At Coles360, Brooks played down the impacts, deferring to the full picture of revamped regulatory environment that we’ll get in a few months’ time.

“We’ll see how far-reaching the regulation will go in terms of regards to privacy,” says Brooks, noting that local retailers have already “got line of sight around what those potential implications will be” from the roll out of GDPR data protections in the EU. 

Australia's Privacy Commissioner has actually stated clear intent to go further than GDPR, but Brooks suggested Coles is prepared to adapt to whatever lawmakers decide to do.

“Fortunately, we're a big business that is heavily governed, making sure that we've got the right sort of checks and balances, from a privacy perspective, to be able to target in a responsible manner. So we’re prepared for the challenges and we’ll see what the implications are on the broader business moving forward.”

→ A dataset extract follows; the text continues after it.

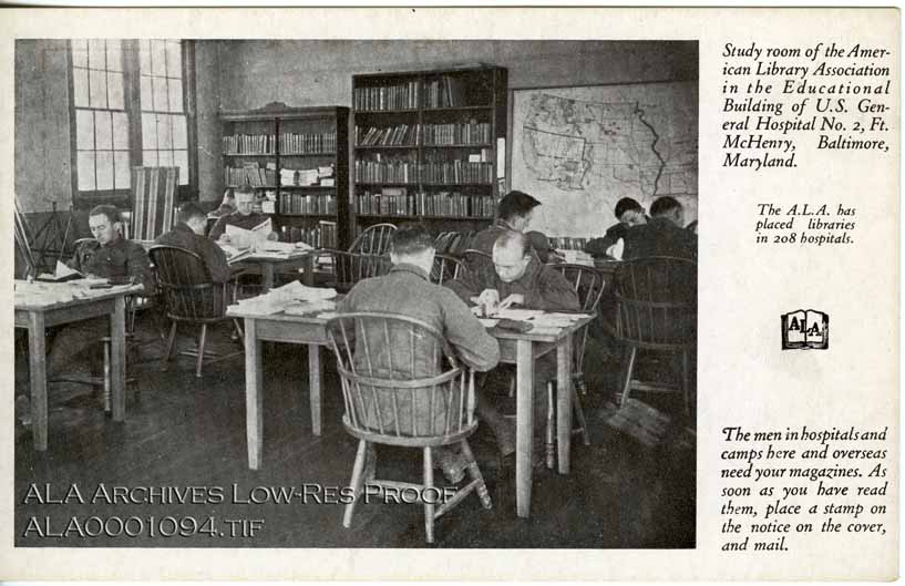 Postcard caption reads: Study room of the American Library Association in the Educational Building of the U.S. General Hospital No. 2, Ft. McHenry, Baltimore, Maryland.

For Cartology, Tyquin hinted the privacy overhaul has led to a more cautious approach as the network progresses its offsite expansion into BVOD, originally expected to be up and running by now.

“We're very mindful of the privacy and regulatory environment, and there’s a lot of work still going into establishing how we activate, how we use our audiences in a very thoughtful but privacy compliant way. There's a lot of appetite for what we've got in our audiences, but clearly, we have to be mindful of the of the trust from our customers in Woolworths.”

Whatever the regulatory environment looks like under the new legislation, there’s no doubt they’ll be hoping that their gains from broader signal loss will not now be offset.